John Marshall

Professor of Ocean and Climate Science

Estimating eddy stresses by fitting dynamics to observations using a residual-mean ocean circulation model and its adjoint

Estimating eddy stresses by fitting dynamics to observations using a residual-mean ocean circulation model and its adjoint.

(Ferreira, D and Marshall, J and Heimbach, P), JOURNAL OF PHYSICAL OCEANOGRAPHY, vol. 35, no. 10, pp. pages, 2005.

Abstract

A global ocean circulation model is formulated in terms of the “residual mean” and used to study eddy-mean flow interaction. Adjoint techniques are used to compute the three-dimensional eddy stress field that minimizes the departure of the coarse-resolution model from climatological observations of temperature. The resulting 3D maps of eddy stress and residual-mean circulation yield a wealth of information about the role of eddies in large-scale ocean circulation. In eddy-rich regions such as the Southern Ocean, the Kuroshio, and the Gulf Stream, eddy stresses have an amplitude comparable to the wind stress, of order 0.2 N m*-2, and carry momentum from the surface down to the bottom, where they are balanced by mountain form drag. From the optimized eddy stress, 3D maps of horizontal eddy diffusivity kappa are inferred.
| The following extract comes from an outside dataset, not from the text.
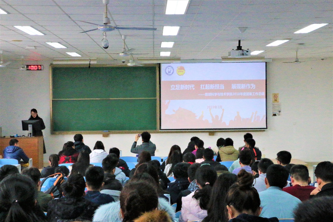 团委书记霍宁宁传达学校《共青团2019年工作要点》并做总结讲话,2019年yl23455永利官网共青团的主要工作,一是聚焦主责主业,强化大学生的思想引领,进一步发挥学院“大地经纬”育人平台的作用;二是抓好队伍,树立典型,做实从严治治团。发挥学科优势,多角度挖掘个人和集体典型,做好五四表彰工作;三是整合资源,搭建平台,助力第二课堂育人效果。成立第二课堂工作室,结合学院特色为学生提供更多自主选择的“产品”。

The diffusivities have a well-defined large-scale structure whose prominent features are 1) large values of kappa (up to 4000 m*2 s*-1 in the western boundary currents and on the equatorial flank of the Antarctic Circumpolar Current and 2) a surface intensification of kappa, suggestive of a dependence on the stratification N-2. It is shown that implementation of an eddy parameterization scheme in which the eddy diffusivity has an N-2 dependence significantly improves the climatology of the ocean model state relative to that obtained using a spatially uniform diffusivity.